Beyond the Flying Syringe–How Insects Specifically Vector Viruses

For September 26, 2018        
“Mosquitoes troublesome” is one of the most frequently-repeated phrases in the journals of Lewis & Clark.  Things have not changed much since 1804:  mosquitoes still suck. And therein lies the rub. For mosquitoes are more than trouble: they’re deadly. They carry diseases like yellow fever to humans and encephalitis to animals. Sometimes they spread diseases from animals to humans. Yet not all blood-borne viruses and bacteria of humans are transmitted by blood-sucking insects. Similarly with crops:  insects such as aphids or thrips can move pathogens from plant to plant, cutting yield & quality, sometimes spreading hunger, sometimes speeding famine.

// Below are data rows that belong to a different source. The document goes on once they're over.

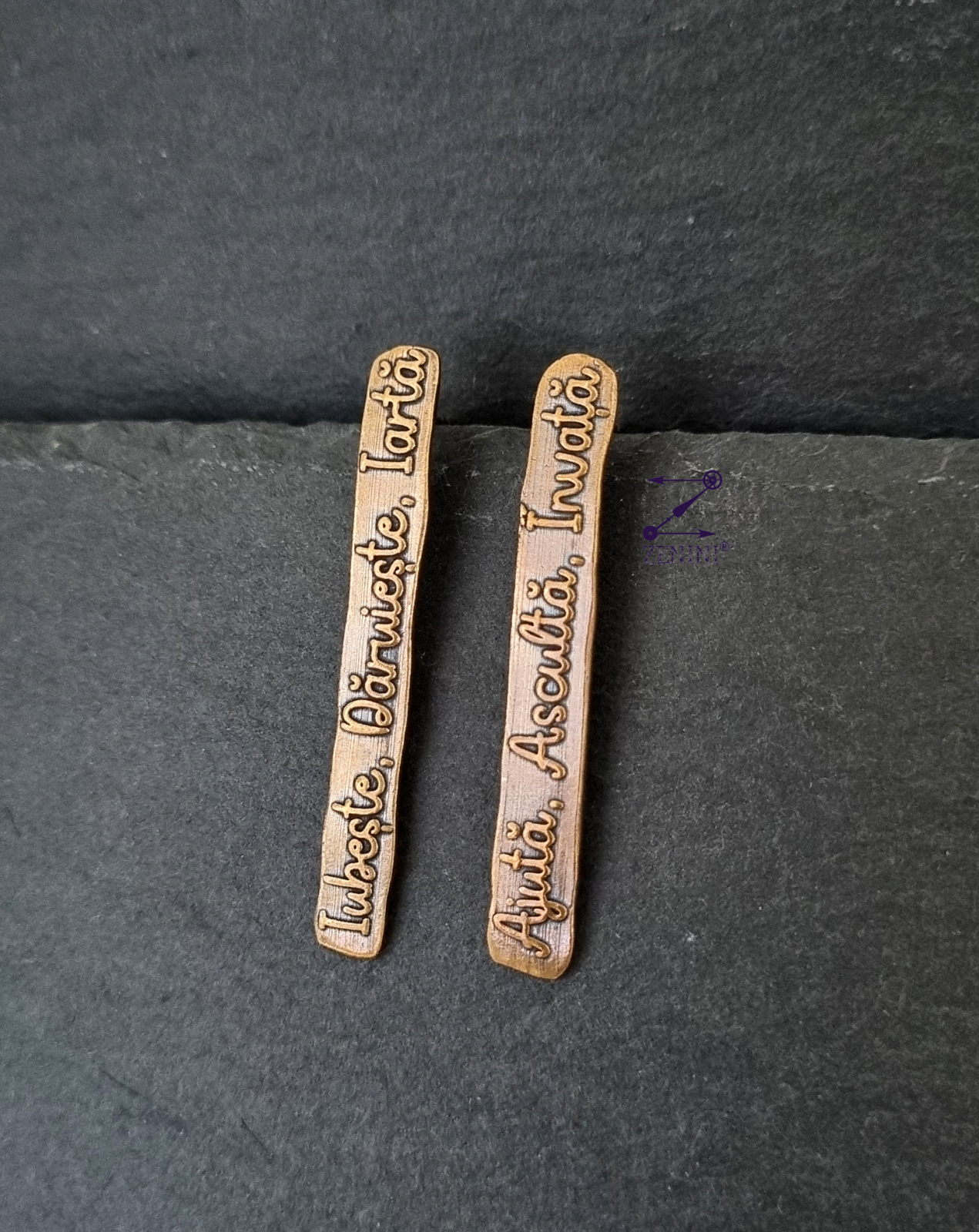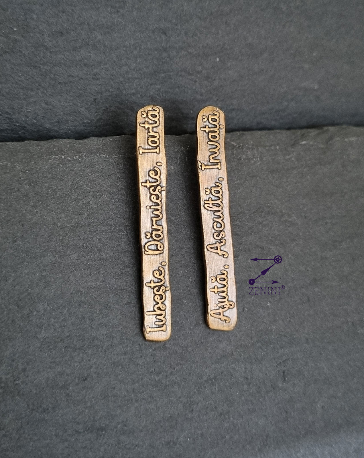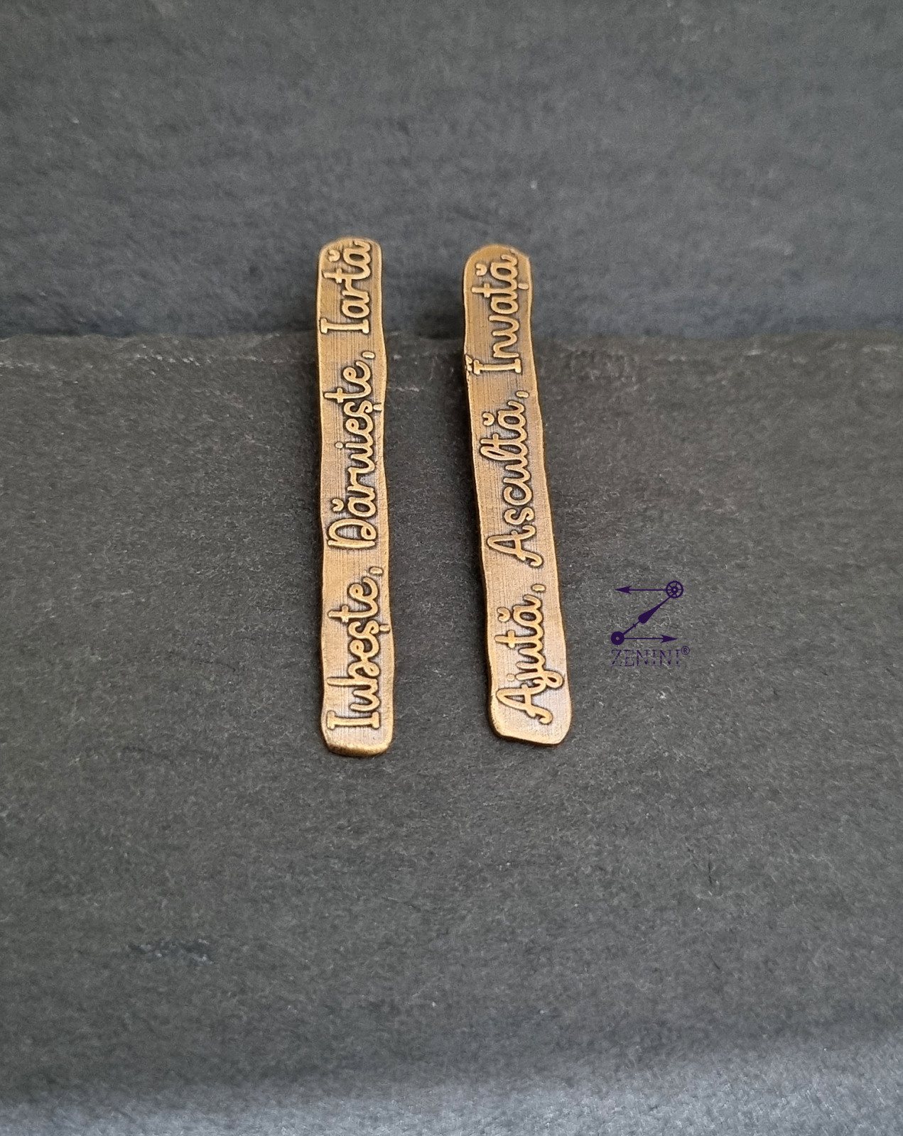 Cercei din bronz cu diferite cuvinte motivationale (Iubeste, Daruieste, Iarta si Ajuta, Asculta, Invata), realizati manual.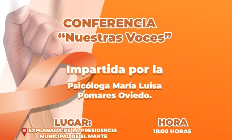 En coordinación con el Instituto Municipal de la Mujer que encabeza Martha Alonso, se llevará a cabo la conferencia “Nuestras Voces”, impartida por la psicóloga María Luisa Pomares Oviedo, como parte de las acciones impulsadas para conmemorar el Día Internacional de la Eliminación de la Violencia contra las Mujeres y las niñas.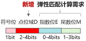 HiF8在数据格式上的创新在于引入可变长点位域Dot,基于该域的取值,数据所表达的阶码范围和数据精度可以灵活设定,从而使模型训练/推理所用的数据可以根据具体的计算需求选取更合适的阶码或精度,减少量化频次。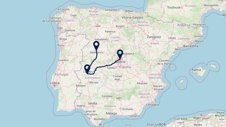 Route: Madrid - Cáceres, 305 km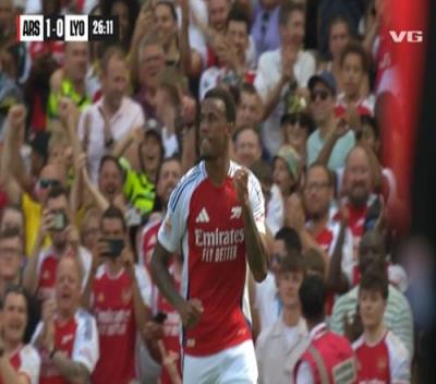 体育资讯8月11日报道宣 酋长杯阿森纳vs里昂。比赛第26分钟,阿森纳将比分扩大为2-0!又是角球机会,这次赖斯找到了加布里埃尔,后者头球直接飞进网窝。

But not all aphids that suck on plants move viruses; and not all viruses in a plant will necessarily be moved by an aphid. Ninety years ago Isme Hoggan of Plant Pathology used this specificity to pioneer ways to distinguish between two viruses co-infecting a plant by using aphids to move only one virus to a healthy plant. So skeeters and aphids are more than flying syringes, but what are the keys to their specificities from both ends of their aerial sorties?  
This week (September 26) Tom German of the Departments of Plant Pathology and of Entomology gets to revel & ravel in this Gordian Knot in his talk entitled, “Virus-Vector Interactions:  Potential for Biorational Control.”